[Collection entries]
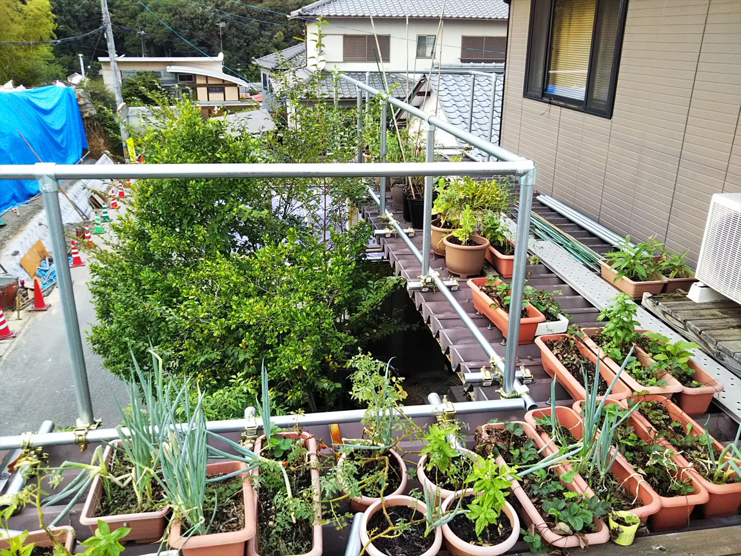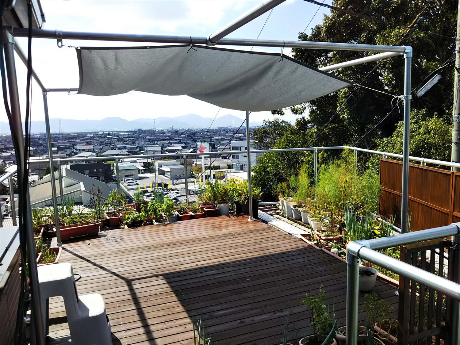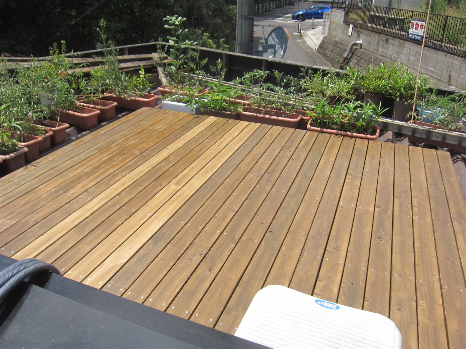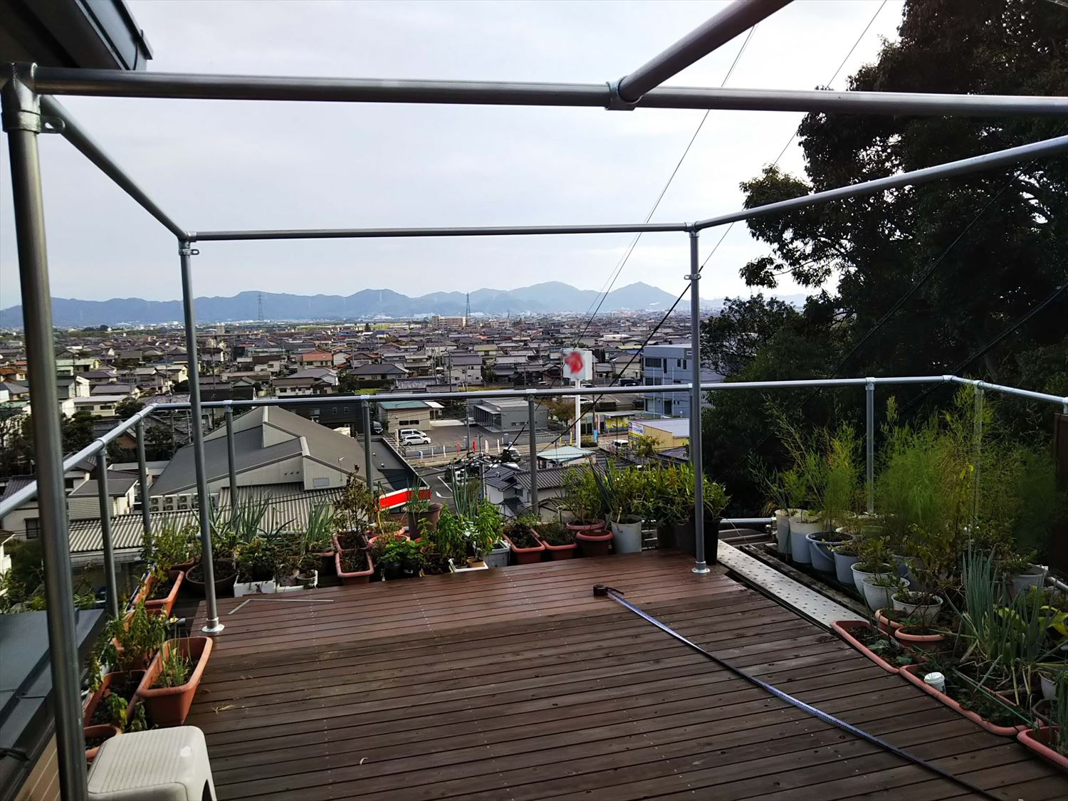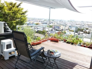 ガレージデッキとは、鉄骨造のガレージの屋根の上に作ったウッドデッキのことです。
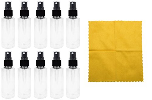 10 - 2 oz Clear PET Bottle with Black Fine Mist Sprayer & Microfiber Cloth
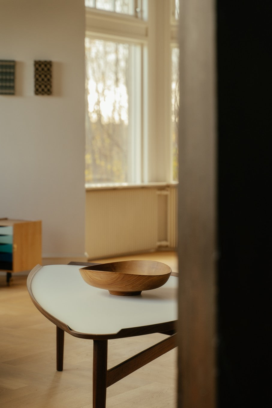 Cocktailbordet af Finn Juhl forener lethed og skulpturel elegance i et organisk formsprog, der gør bordet lige så dekorativt som funktionelt. Oprindeligt tegnet i 1951 til Baker Furniture som makker til den ikoniske Baker sofa, er bordet en større videreudvikling af Juhls øjeformede sofaborde. Den bløde kontur uden skarpe hjørner giver fri bevægelighed omkring bordet, mens de tre ben og de fint kehlede kanter afslører et udsøgt snedkeri. Bordpladen fås enten i ædel finér for et varmt og klassisk udtryk eller i hvid nanolaminat og sort linoleum for et mere grafisk look. Et tidløst midcentury statement til stuen, der stadig føles moderne i dag.
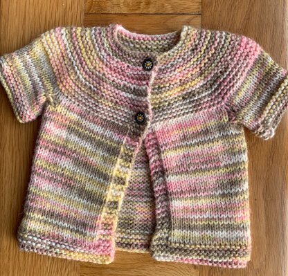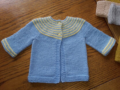 Gidday Baby is a superbly simple cardigan. A striped garter stitch circular yoke is accentuated with cute buttons and a stocking stitch body. This cardigan is knit top-down and seamlessly, with attention paid to the simple details. The body is knit flat and the sleeves are knit in the round. Simple yarn over increases, which can be worked as a feature or closed, are used to shape the yoke.
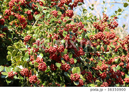 艶やかな緑色の葉に鮮紅色の丸い実がたくさんついたヤバネヒイラギ
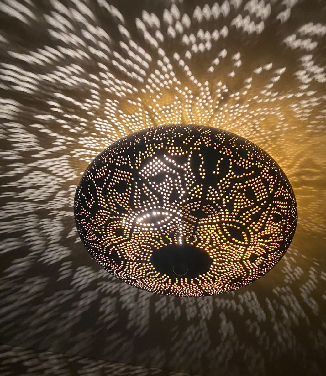 Filigrane Deckenleuchte in orientalischem Stil mit kleinen runden Löchern, die zusammen ein wunderschönes Schattenspiel an der Wand zaubern. Die Deckenleuchte strahlt warmes Licht aus, da die Innenseite goldfarben ist. Ideal zum Aufhängen im WC für eine stimmungsvolle Atmosphäre oder in einem kleinen Raum, der etwas mehr Atmosphäre vertragen kann.
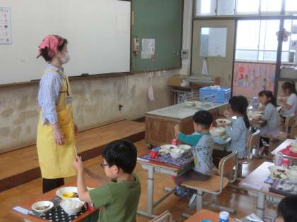 今日の給食時間は,栄養指導がありました。食事の時のマナーや栄養について指導してもらいました。
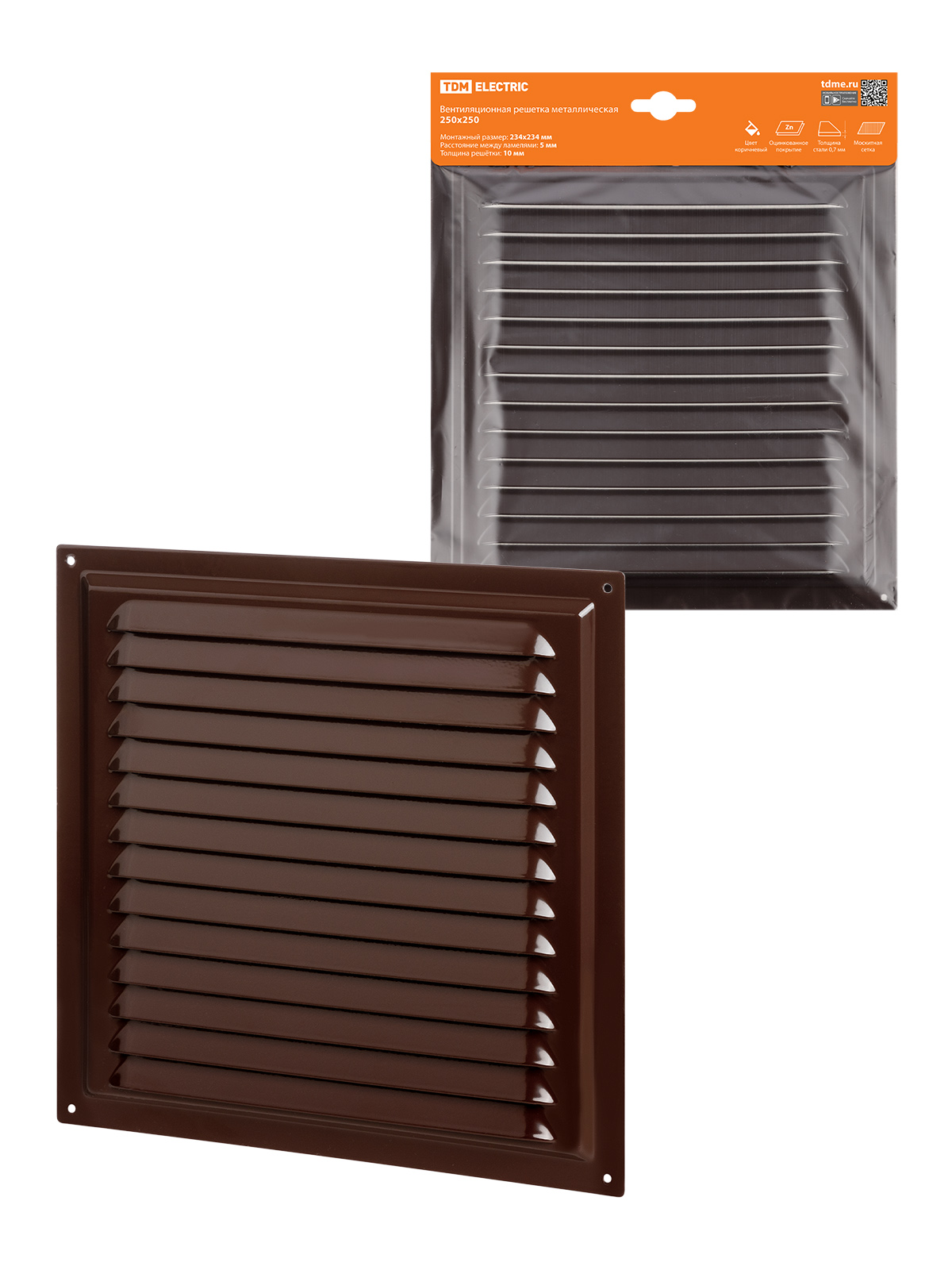 Наименование: Решетка металл. 250х250, коричневая, с покрытием полимерной эмалью TDM
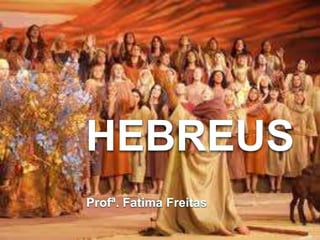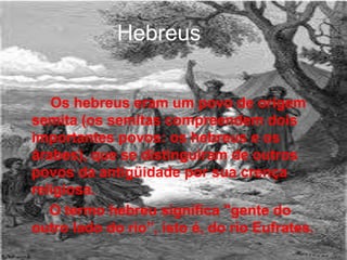 Os hebreus eram um povo semita que se estabeleceu na Palestina por volta de 2000 a.C. sob a liderança dos patriarcas Abraão, Isaac e Jacó. Eles desenvolveram o monoteísmo e influenciaram as religiões posteriores do cristianismo e islamismo. Após períodos de reinos unificados e divididos, os hebreus foram dispersos no mundo em eventos como o Cativeiro da Babilônia e as Diásporas.

_REQUIRED ACTION_:
Return nothing but the lines running from the start of the data to the line with "Filigrane Deckenleuchte in", please, both ends included and no pictures.

_EXERCISE SOLUTION_:
 ガレージデッキとは、鉄骨造のガレージの屋根の上に作ったウッドデッキのことです。
 10 - 2 oz Clear PET Bottle with Black Fine Mist Sprayer & Microfiber Cloth
 Cocktailbordet af Finn Juhl forener lethed og skulpturel elegance i et organisk formsprog, der gør bordet lige så dekorativt som funktionelt. Oprindeligt tegnet i 1951 til Baker Furniture som makker til den ikoniske Baker sofa, er bordet en større videreudvikling af Juhls øjeformede sofaborde. Den bløde kontur uden skarpe hjørner giver fri bevægelighed omkring bordet, mens de tre ben og de fint kehlede kanter afslører et udsøgt snedkeri. Bordpladen fås enten i ædel finér for et varmt og klassisk udtryk eller i hvid nanolaminat og sort linoleum for et mere grafisk look. Et tidløst midcentury statement til stuen, der stadig føles moderne i dag.
 Gidday Baby is a superbly simple cardigan. A striped garter stitch circular yoke is accentuated with cute buttons and a stocking stitch body. This cardigan is knit top-down and seamlessly, with attention paid to the simple details. The body is knit flat and the sleeves are knit in the round. Simple yarn over increases, which can be worked as a feature or closed, are used to shape the yoke.
 艶やかな緑色の葉に鮮紅色の丸い実がたくさんついたヤバネヒイラギ
 Filigrane Deckenleuchte in orientalischem Stil mit kleinen runden Löchern, die zusammen ein wunderschönes Schattenspiel an der Wand zaubern. Die Deckenleuchte strahlt warmes Licht aus, da die Innenseite goldfarben ist. Ideal zum Aufhängen im WC für eine stimmungsvolle Atmosphäre oder in einem kleinen Raum, der etwas mehr Atmosphäre vertragen kann.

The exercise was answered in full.